*** Exercise data ***
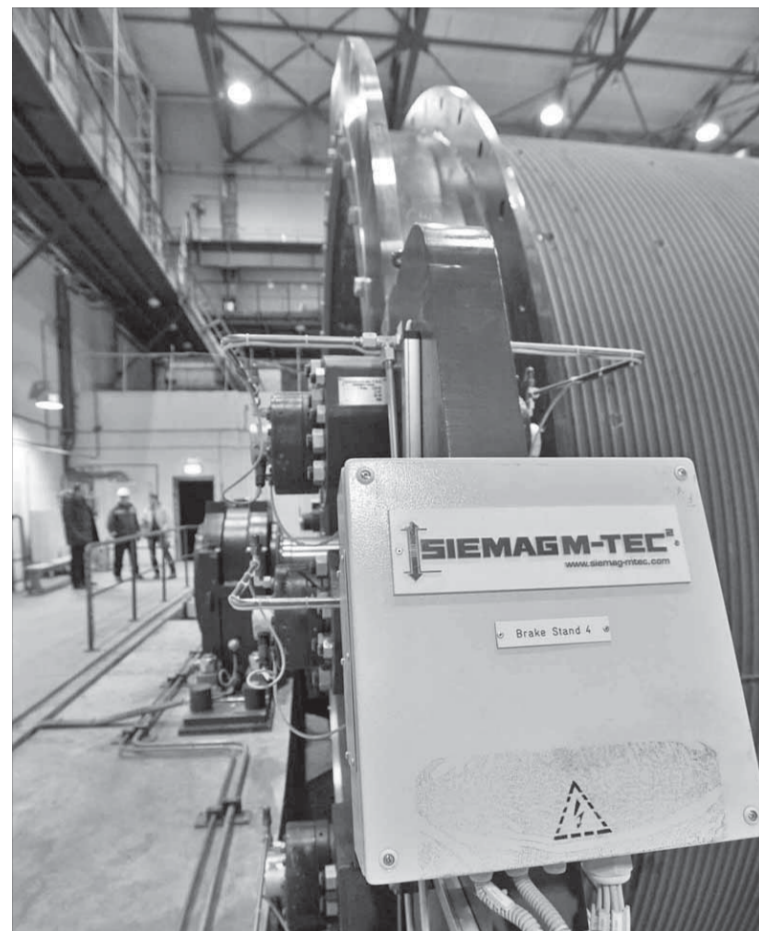
По оценке специалистов, Seimag – совершенное оборудование
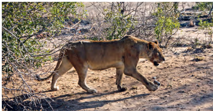
Ein Löwe aus nächster Nähe

nächsten Morgen fuhren wir in das ehemalige Goldgräber-Dorf Pilgrim's Rest. Hier scheint die Zeit stehen geblieben zu sein. Unser nächstes Ziel war das berühmte Naturreservat um den Blyde River Canyon. Hier hat sich der Blyde River eine 600 m tiefe Schlucht gegraben. Als am nächsten Morgen die Sonne aufging, fuhren wir im offenen Geländewagen in den Krüger Nationalpark. Und schon stand eine Elefantenkuh mit ihrem Baby am Wegrand. Schon bald sahen wir an einem Wasserloch Löwen, die einen Büffel gerissen hatten. Giraffen, Zebras, Impalas, Nashörner, Flusspferde, Büffel, Elefantenherden und immer wieder Löwen sowie die vielfältige Vogelwelt bezauberten uns.
*** End of Exercise data ***
Work to complete —
Give back the data verbatim. The pictures are not part of the copy.

Solved exercise —
По оценке специалистов, Seimag – совершенное оборудование
Ein Löwe aus nächster Nähe

nächsten Morgen fuhren wir in das ehemalige Goldgräber-Dorf Pilgrim's Rest. Hier scheint die Zeit stehen geblieben zu sein. Unser nächstes Ziel war das berühmte Naturreservat um den Blyde River Canyon. Hier hat sich der Blyde River eine 600 m tiefe Schlucht gegraben. Als am nächsten Morgen die Sonne aufging, fuhren wir im offenen Geländewagen in den Krüger Nationalpark. Und schon stand eine Elefantenkuh mit ihrem Baby am Wegrand. Schon bald sahen wir an einem Wasserloch Löwen, die einen Büffel gerissen hatten. Giraffen, Zebras, Impalas, Nashörner, Flusspferde, Büffel, Elefantenherden und immer wieder Löwen sowie die vielfältige Vogelwelt bezauberten uns.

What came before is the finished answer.